Deleting silence in an editor is pretty much trivial to do manually.
My guess is that there are a few things out there to do this automatically. The problem cases are illustrated by some Pink Floyd songs where the silence at the beginning of the song really is a part of the song - they tend to fade in very slowly. I doubt very highly that it's worth programming silence deletion to take that into account unless you simply set the threshold to what would be audible levels - you'd still end up doing a best guess though as there's still the opportunity to do some signal gain amplification for "inaudible" sound.
I don't think it would matter much though - any minor loss would be acceptable. If you check in GDT, it sets the first loop point to the start of the song and ignores "silence" at the beginning - it's a 'close enough' approach with no practical down side - so it's very possible to do, and relatively easy. Here's "close enough":
Mind you, that's for live playing, so you'd maybe want to roll that back a bit.
There's another Michael Jackson song - I forget which one - that has dead silence in the middle of the song. This happens to varying degrees in a fair number of songs out there. Those cases present problems.
Then there are voice activated mics... pauses between speakers, etc. etc. For this kind of thing I think the general type of audio needs to be known, otherwise it's getting into a lot of bin analysis and processing with more complex settings or presets.
To be sure - it actually sounds like a lot of fun to do~!
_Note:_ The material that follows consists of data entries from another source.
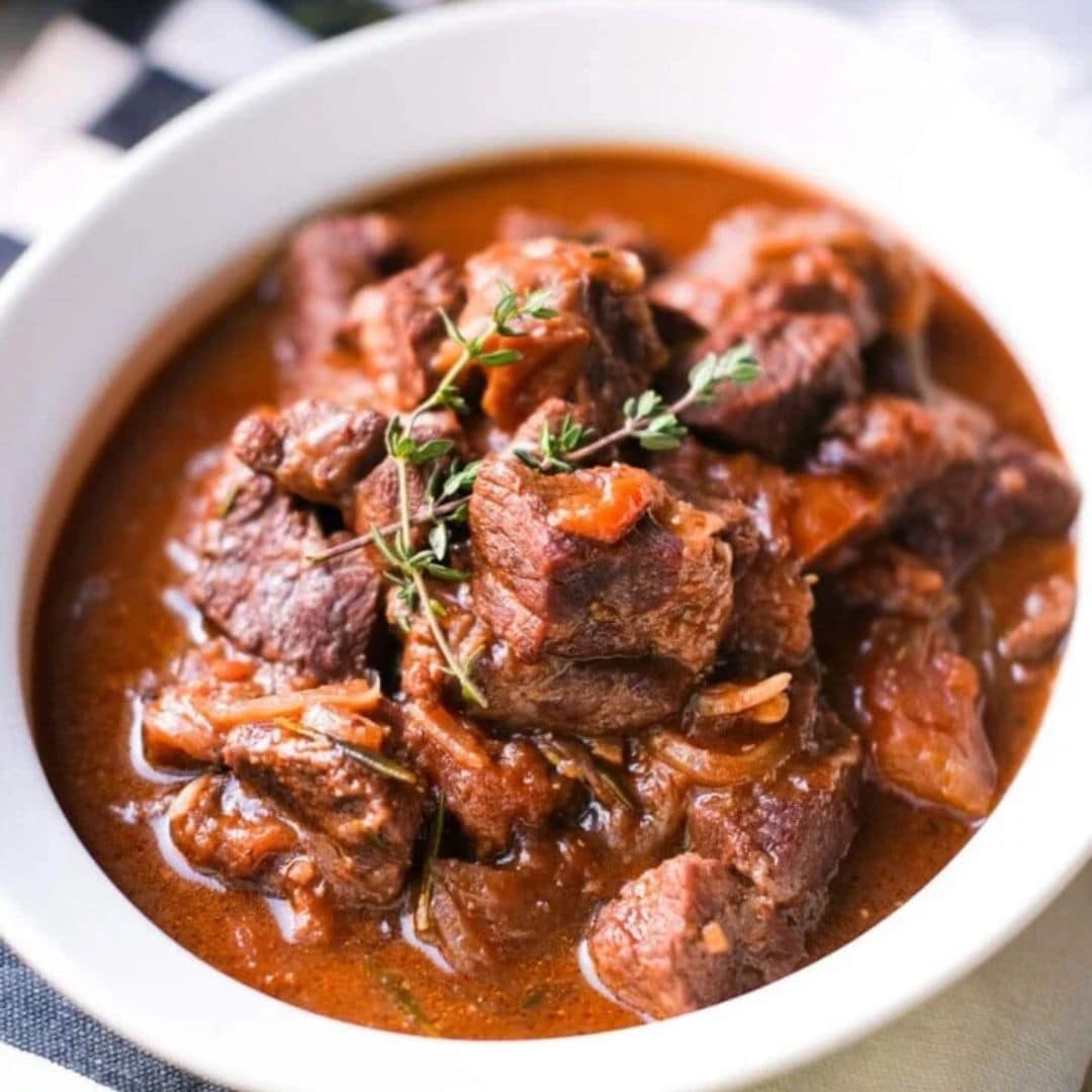 Luxurious French-inspired dish with beef cubes braised in wine until melt-in-the-mouth tender.
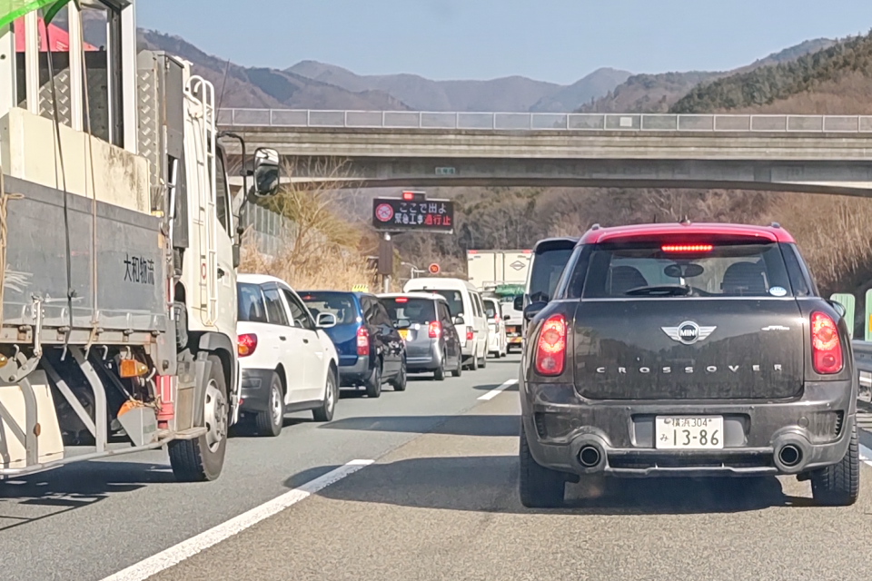 甲州街道の笹子トンネルも一時通行止めだったのでいったん帰ろうかとも思ったが間もなく開通した。
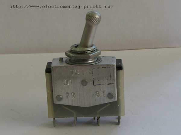 Перекидные выключатели. Их название произошло от английского слова tumble – опрокидываться. В основном это малогабаритные тумблеры, используемые чаще для коммутации различных цепей управления. Иногда их используют в приборах для включения питания. Одна из разновидностей перекидного выключателя показана на Рис. 4.
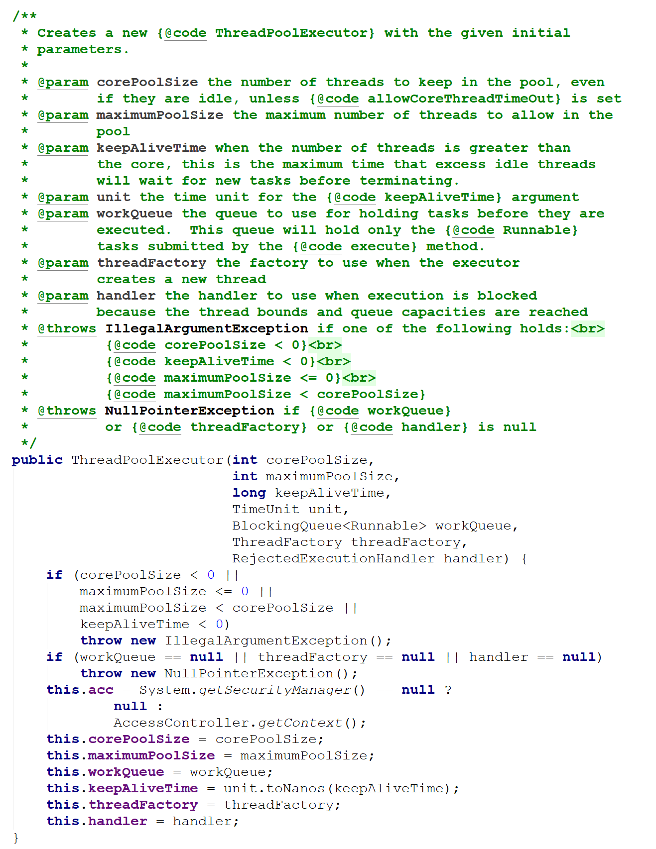 上面这段代码一直在用,面试的时候也经常被问到,却从未深究过,不知道线程池到底是怎么回事,今天看看源代码,一探其究竟

Deleting ads... well, you're not likely to find anything that can do that automatically. I leave it to people's imaginations to figure out why - tonnes of reasons there.
Anyways, I think something like Audacity is going to be your best bet. (I use Samplitude mostly, but they're both editors.) It's pretty easy to do, though it is a few clicks per operation - not nearly as exposed & simple as GDT - they do different things for different purposes.